Sometimes, we are facing an issue with the error “cURL error 60: SSL certificate problem (unable to get local issuer certificate)” during curl call to third party services / websites.
This error occurs because the curl verifies and makes a secure connection request using self-signed certificate. When it does not find the valid certificate, it throws an error.
To fix this error, follow the steps below:
1. Disable CURLOPT_SSL_VERIFYPEER (verify the peer’s SSL certificate)
This option determines whether curl verifies the authenticity of the peer’s certificate. A value of 1 means curl verifies; 0 (zero) means it doesn’t.

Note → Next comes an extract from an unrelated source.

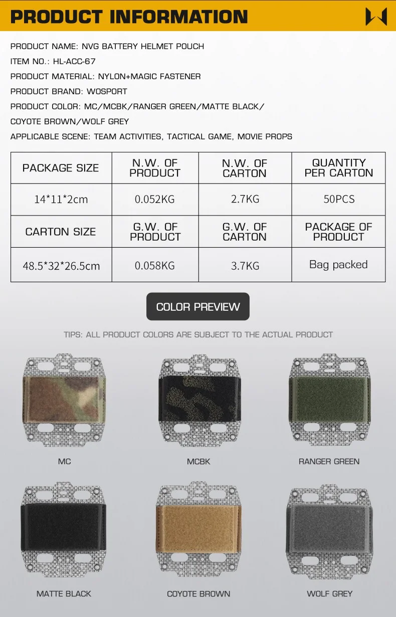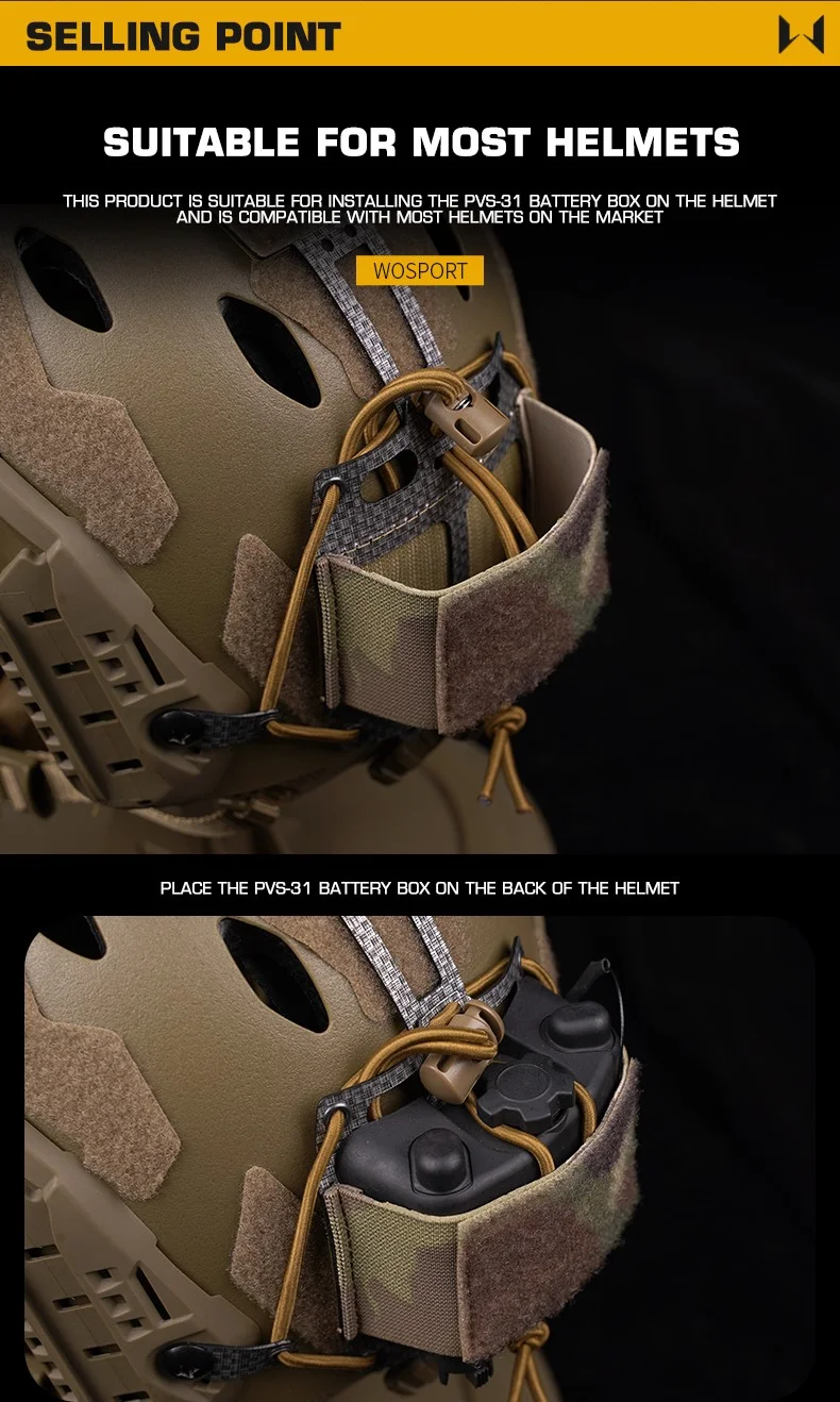 Funda de batería táctica estilo FERRO PVS31 NVG, sistema de retención rápido para casco, accesorio de almacenamiento ajustable para casco Airsoft

When negotiating a TLS or SSL connection, the server sends a certificate indicating its identity. Curl verifies whether the certificate is authentic, i.e. that you can trust that the server is who the certificate says it is. This trust is based on a chain of digital signatures, rooted in certification authority (CA) certificates you supply. curl uses a default bundle of CA certificates (the path for that is determined at build time) and you can specify alternate certificates with the CURLOPT_CAINFO option or the CURLOPT_CAPATH option.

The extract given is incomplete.